Search code examples
rdata-analysisstatistical-test

Count number of rows with a p-value equal to, or lower than 0.05


I am new to R programming. I am facing issues which solving this:

Dataset:

set.seed(897)
ME <- matrix(rnorm(24000),nrow=1000)
colnames(ME) <- c(paste("A",1:12,sep=""),paste("B",1:12,sep=""))

Use apply() to calculate a statistical test for every row in ME. You want to ask whether the groups A and B are from the same population or from populations with different means. You can assume data to be normally distributed. Count the number of rows with a p-value equal to, or lower than 0.05.

I tried >P<- apply(ME , 1 , function(ME){ t.test(ME[1:1000])$p.value }) > length(which(P <= 0.05)) frown emoticon but this is incorrect


Solution

  • If the column names are not in a particular order, then we can use grep to find the index of column names that start with A and also with B.

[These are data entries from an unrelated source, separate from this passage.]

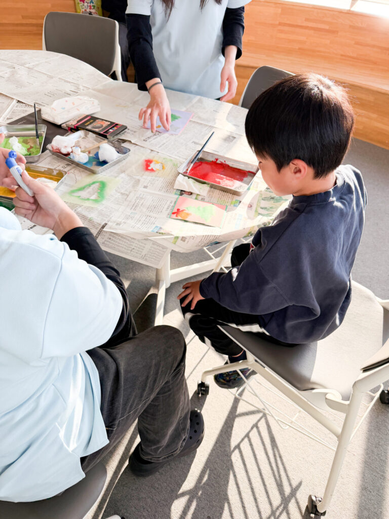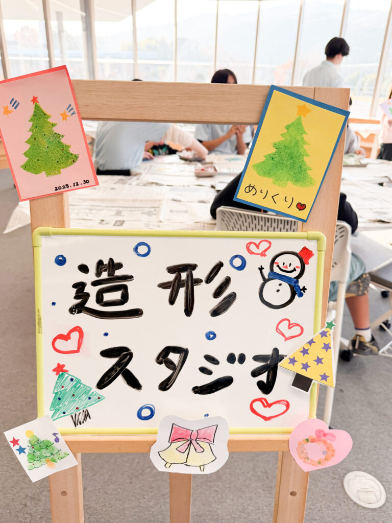 スタンプを使ったクリスマスツリー制作を実施。子どもたちは思い思いの色や形を組み合わせ、オリジナルの作品づくりを楽しみました。
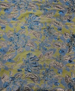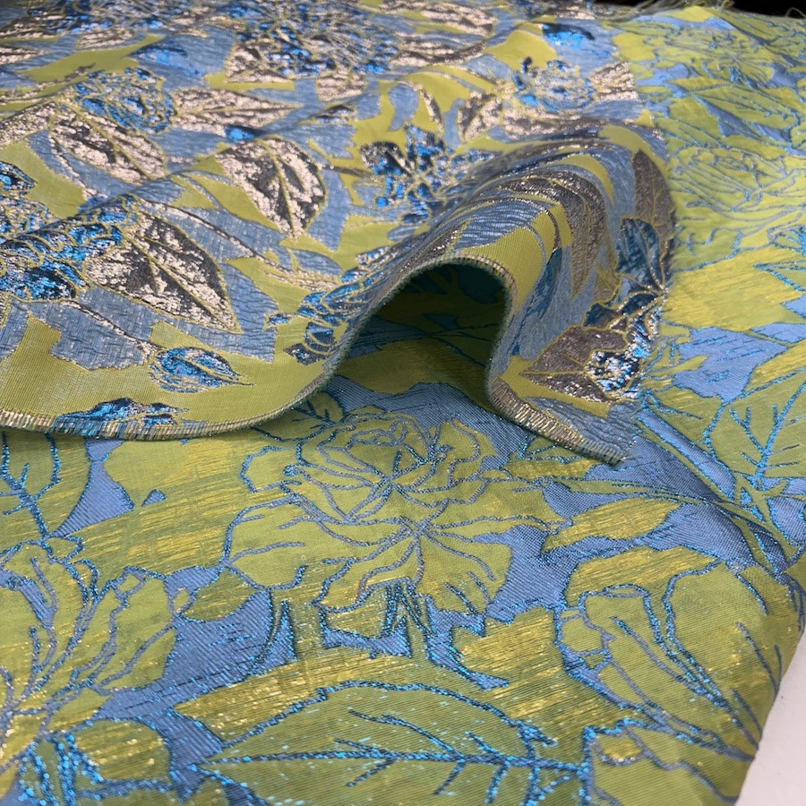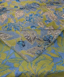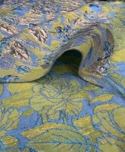 Le tissu brocard est un textile luxueux, orné de motifs de palmes dorées sur un fond bleu profond. Idéal pour la création de vêtements de cérémonie, de robes de soirée, d’accessoires de haute couture, ainsi que pour la décoration d’intérieur, il convient parfaitement à des rideaux, coussins et autres éléments décoratifs, apportant une touche d’élégance et de raffinement à tout espace.
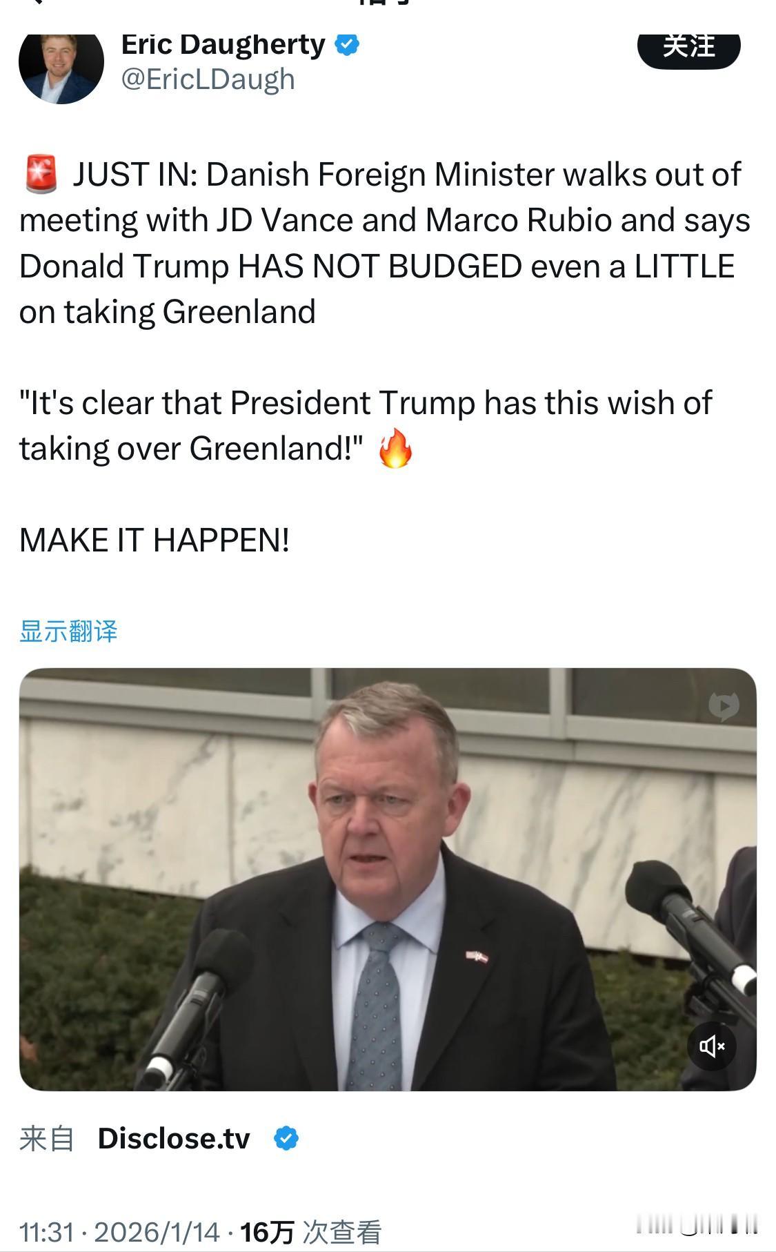 最新消息:丹麦外交大臣拉斯穆森(Lars Løkke Rasmussen)在和美国副总统约翰·万斯和国务卿马可·卢比奥会面后愤然离席,并表示唐纳德·特朗普在吞并格陵兰的问题上丝毫没有让步。 “很明显,特朗普总统想占领格陵兰岛!”
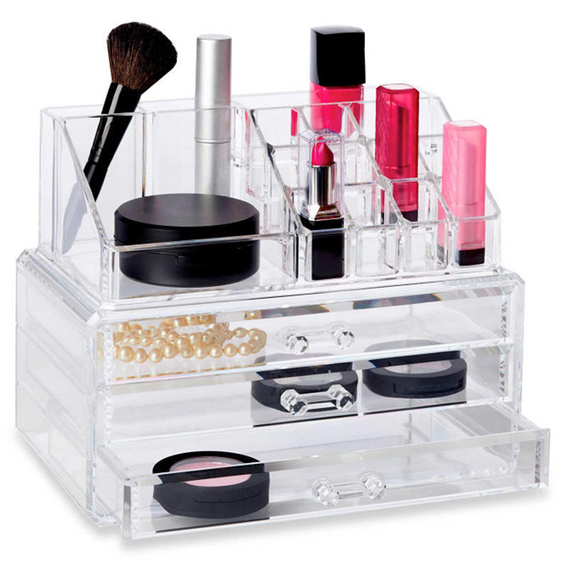 Ο οργανωτής μακιγιάζ διαθέτει 3 συρτάρια για να τακτοποιήσετε τα προϊόντα του μακιγιάζ σας ή τα κοσμήματα σας. Είναι κατασκευασμένος από διάφανο ακρυλικό plexiglass πολύ ανθεκτικό στις φθορές.
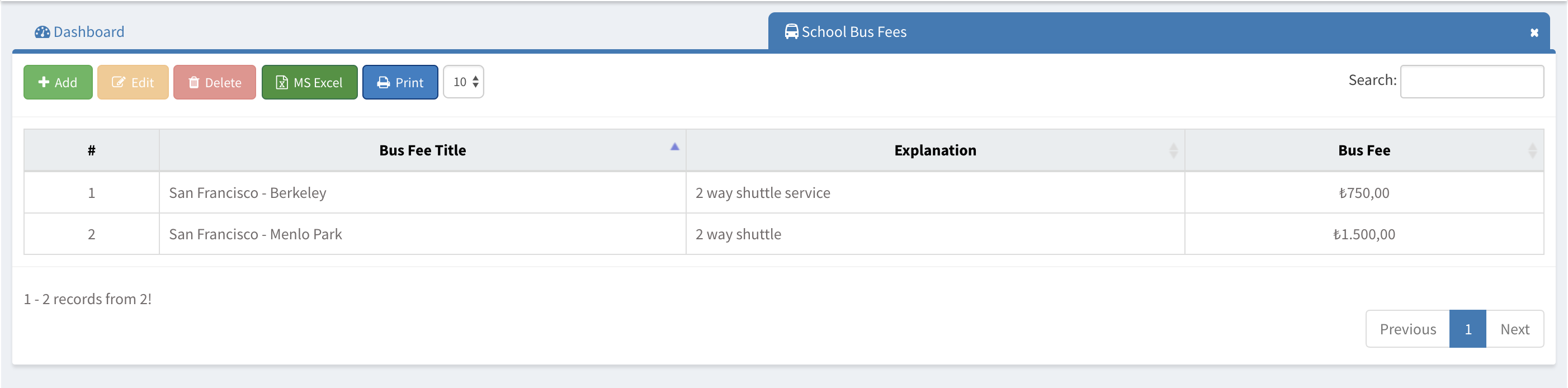 In school bus fees section, you can add/edit your schools bus fees from a single menu.
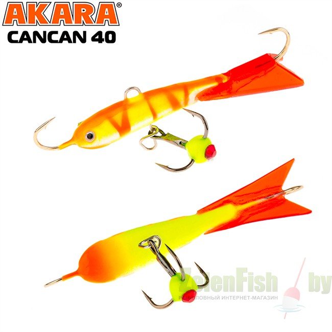 Балансир Akara Cancan 40 разработан для зимней ловли хищных рыб, таких как судак и окунь. Балансир изготовлен из качественных, морозостойких материалов и оснащен высокопрочными крючками и тройниками японской компании Maruto. Длина балансира 40 миллиметров, вес - 6 грамм. Балансиры этой модели красятся в уловистые цвета, причем окрашивание осуществляется с применением UV красок (светятся в ультрафиолетовом диапазоне), либо с использованием фосфорных красок (светятся в темноте). Балансир имеет стабильную, высокоамплитудную, повторяющуюся игру, которая обеспечит эффективную рыбалку.
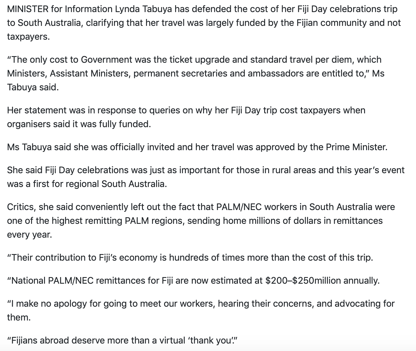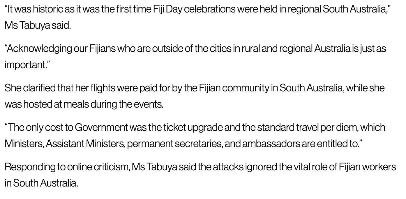 The failure of the Fijian media to appropriately apply the blowtorch to Lynda Tabuya over this scandal speaks volumes for the negligence and complicity of our senior journalists. The aforementioned stories in the two dailies are a justification for the South Australia visit as a whole, not the issue of the Minister double-dipping on her expenses.

     ind1 <- grep('^A', colnames(ME))
     ind2 <- grep('^B', colnames(ME))
    

    Then we do the t.test by row using apply with MARGIN=1

     pval <- apply(ME, 1, FUN=function(x) t.test(x[ind1], x[ind2])$p.value)
     head(pval)
     #[1] 0.4987050 0.0303736 0.7143174 0.2955703 0.5082427 0.2109010
    

    We get a logical index by comparing with 0.05

     v1 <- pval <= 0.05
    

    Get the sum of the TRUE values to find the number of rows that have p.value less than 0.05

    sum(v1)
    #[1] 55